At least the editors have maintained their ethical standards by printing an article where they were named liable in an intellectual property lawsuit.
Quite the contrary to an article I saw in the Chicago Tribune (i think, don't hold me to it, since I couldn't find the article, but the facts are correct) article yesterday describing ABC's decision to pull a story which shed a negative light on Father Disney.
The really odd thing about this case is that the publishers are whining about the double-bladed nature of very laws that they use to protect their industry. Live by the sword, die by the sword.
And what objections to the ruling do their lawyers come up with? "Oh, the poor researchers will be denied access to these materials!" Yeah, well, thos researchers that can't afford to pay Lexis-Nexis's or NYT's exhorbitant fees are also denied access to those materials, and I don't see the learned counsel whining about that. There's big bucks in them thar databases, and the people who help create that value should get a cut.
"This ruling has the the effect of tampering with the historical record." Not really. The articles still exist in private electronic and paper archives. They can be retrieved by anyone with a bit of diligence, and they can be put back online just as soon as the NYT pays up.
Of course, those are just objections they came up with after the fact. What did they say in the trial? That the databases consituted a revision to an anthology of the works? That's just disingenuous. I'd love to read a brief detailing how they justified making that particular connection.
-k. ^-^ ^D
These publications had specifically bought "First North American Serial Rights" (FNASR) from the authors -- this is supposed to mean that if your article appears on Sept. 28, 1999, they will have to pay you again if they want to sell a copy of it again after that date.
Because they had not bought specific rights to republish the articles after the first publication, the newspapers tried to argue that the inclusion in the database was part of the initial publication (even though some of the articles were written years before the databases existed).
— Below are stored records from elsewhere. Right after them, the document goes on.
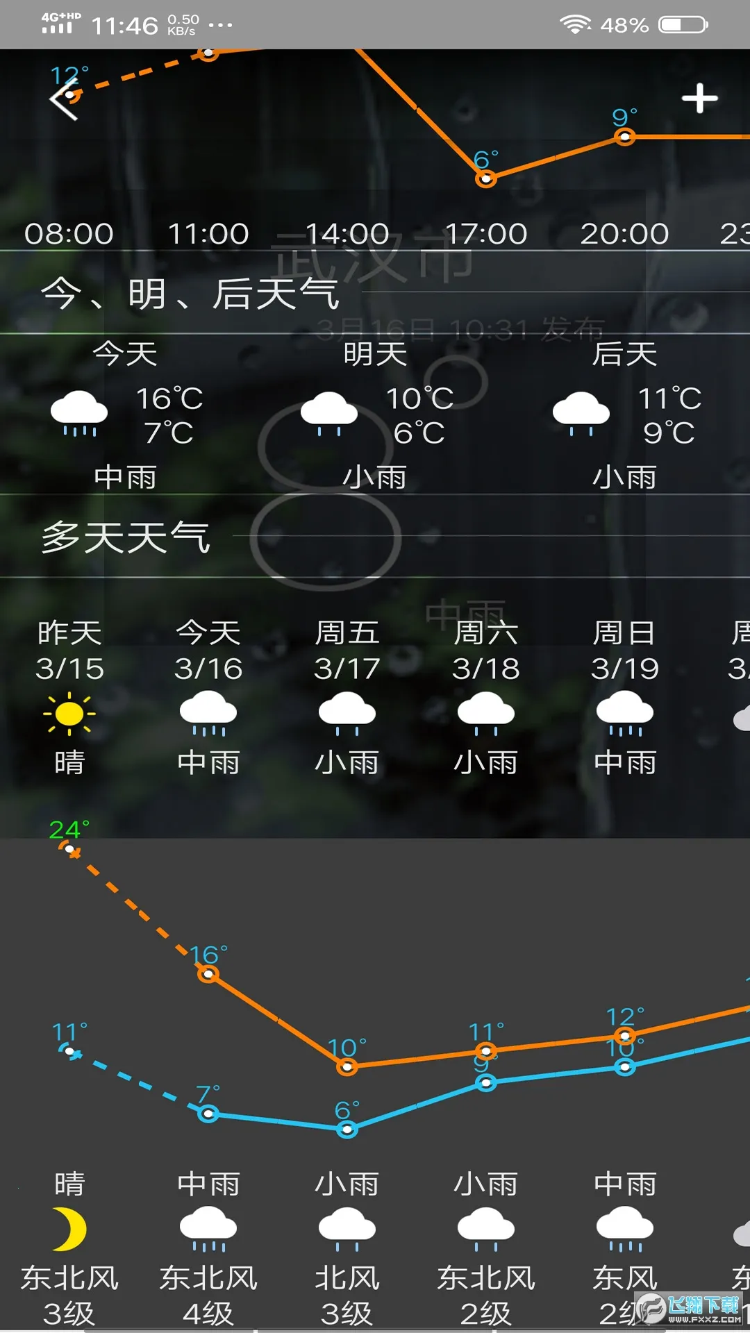 3. 能一键分享天气到微信朋友圈,还可轻松查阅逐小时天气预报、7日天气预报及空气质量预报等。
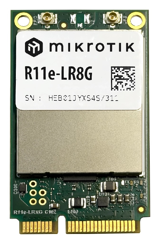 (R11e-LR8G) LR8G miniPCI-e card for 863-870 MHz frequencyThe simplest way to add LoRa® connectivity to any MikroTik device with a mini PCIe slot. Perfect for tight budgets without compromising performance, this card features: Enhanced 868MHz Rx sensitivity for effective long-range communication, ensuring reliable long-range communication Compact, efficient design for easy integration into existing setups Cost-effective performance for IoT projects of any scale Integrated GPS chipThe simplest way to add LoRa® connectivity to any MikroTik device with a mini PCIe slot. Perfect for tight budgets without compromising performance, this card features: Enhanced 868MHz Rx sensitivity for effective long-range communication, ensuring reliable long-range communication Compact, efficient design for easy integration into existing setups Cost-effective performance for IoT projects of any scale Integrated GPS chip |
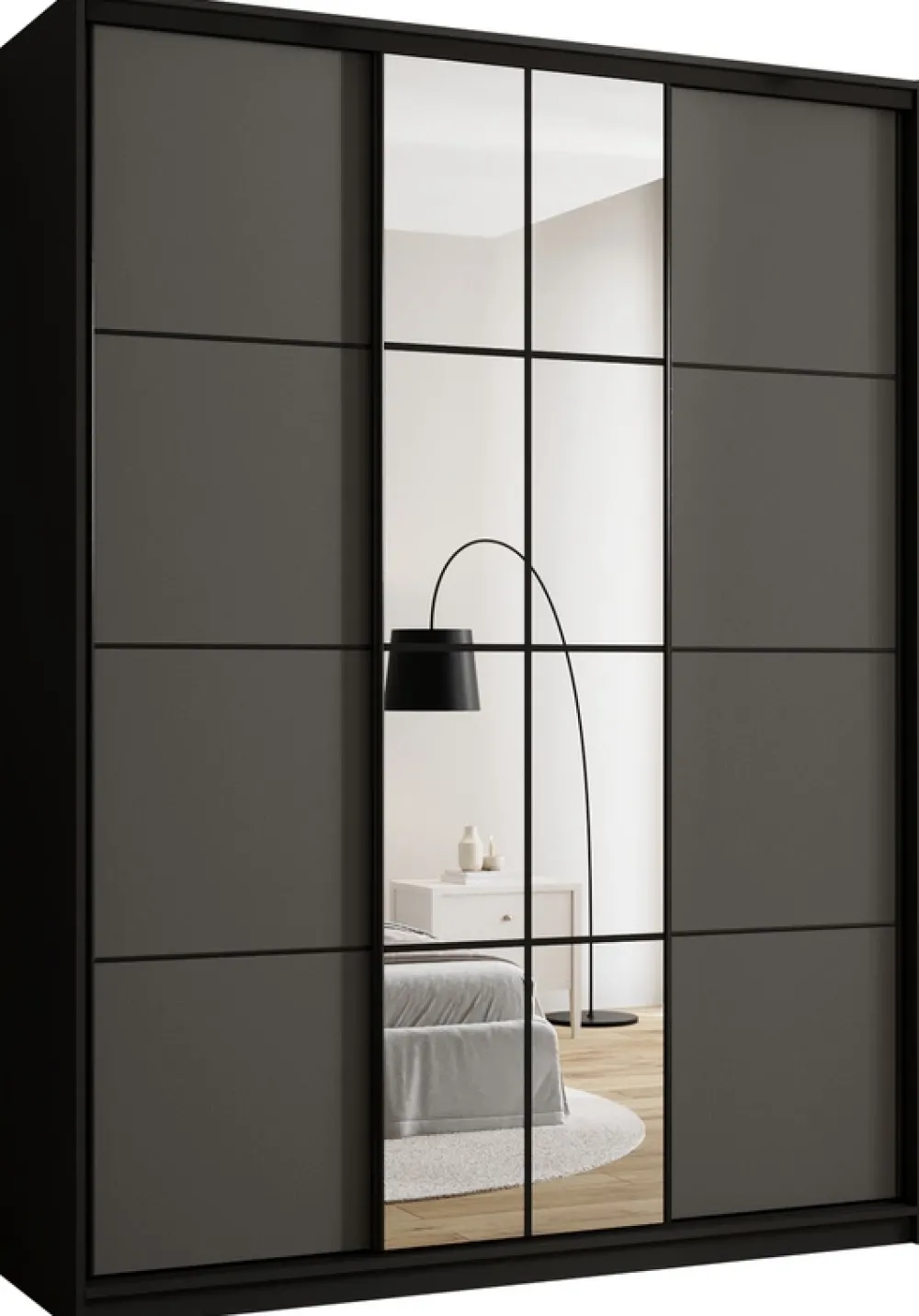 Szafa przesuwna o szerokości 180 cm to doskonałe rozwiązanie dla osób, które potrzebują dużej przestrzeni do przechowywania, nie rezygnując przy tym z nowoczesnego designu. Wyposażona w stalowy system przesuwny w eleganckim czarnym kolorze, szafa zapewnia płynne otwieranie i zamykanie drzwi, a jej minimalistyczny wygląd świetnie wpisuje się w modne aranżacje wnętrz.
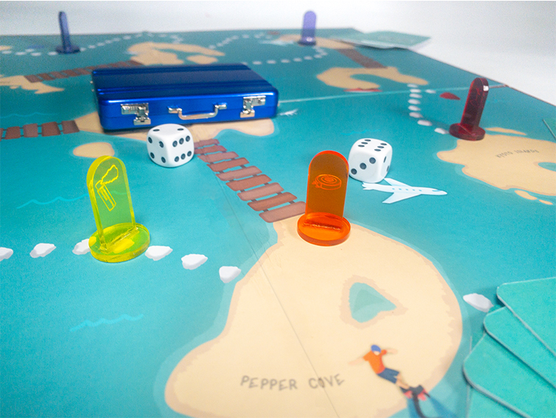 < Back to PortfolioA board game I designed as part of my final dissertation piece. Geo Archipelago is a board game based on the ongoing climate crisis and impacts of geoengineering as a potential solution. Each component was made from scratch this resulted in using basic printing skills to print playing cards and the board, to using a CNC laser cutter to manufacture the counters.

The ruling is that perpetual publication in a database is not part of FNASR
Under American law, FNASR is the default in the absence of specific terms to the contrary.
Of course, these days the freelance contract does include signing away electronic rights -- the articles in the suit were written 10 years ago.
Another side comment: freelance work is rarely "work for hire" -- in fact they are usually opposites. "Work for hire" means that the product produced is a product of the corporation and not the individual -- a product is "work for hire" by default only if it is part of the job description of a salaried employee. Other cases would require specific contract terms. In freelance journalistic writing, "work for hire" terms are generally considered completely unnacceptable (of course, it's different for writing marketing copy, etc.) If it were "work for hire" the publication would own the copyright and have all rights exlusively.
The National Writer'a Union site has the full text of the ruling.
+_+_+_+_+_+
<sig>Guvf vf abg n frperg zrffntr
Try username: slashdoted
pass: slashdot
When you do freelance work for newspapers or magazines they're pretty straightforward about the fact that they own the nonexclusive right to republish the piece you sell them. This isn't something they hide or sneak into arcane legal language -- you're on a work for hire arrangement.
What happened here is an ongoing debate over whether publishing an article in an electronic form such as a web site is the same as publishing it in other venues. Is an article appearing in the New York Times web site archives in the same status as say an article appearing on their microfilm archives? I go to the library occasionally to use the microfilms of the NYT and the freelance authors don't get compensated for the articles I print out. Should they if I go to the web NYT instead?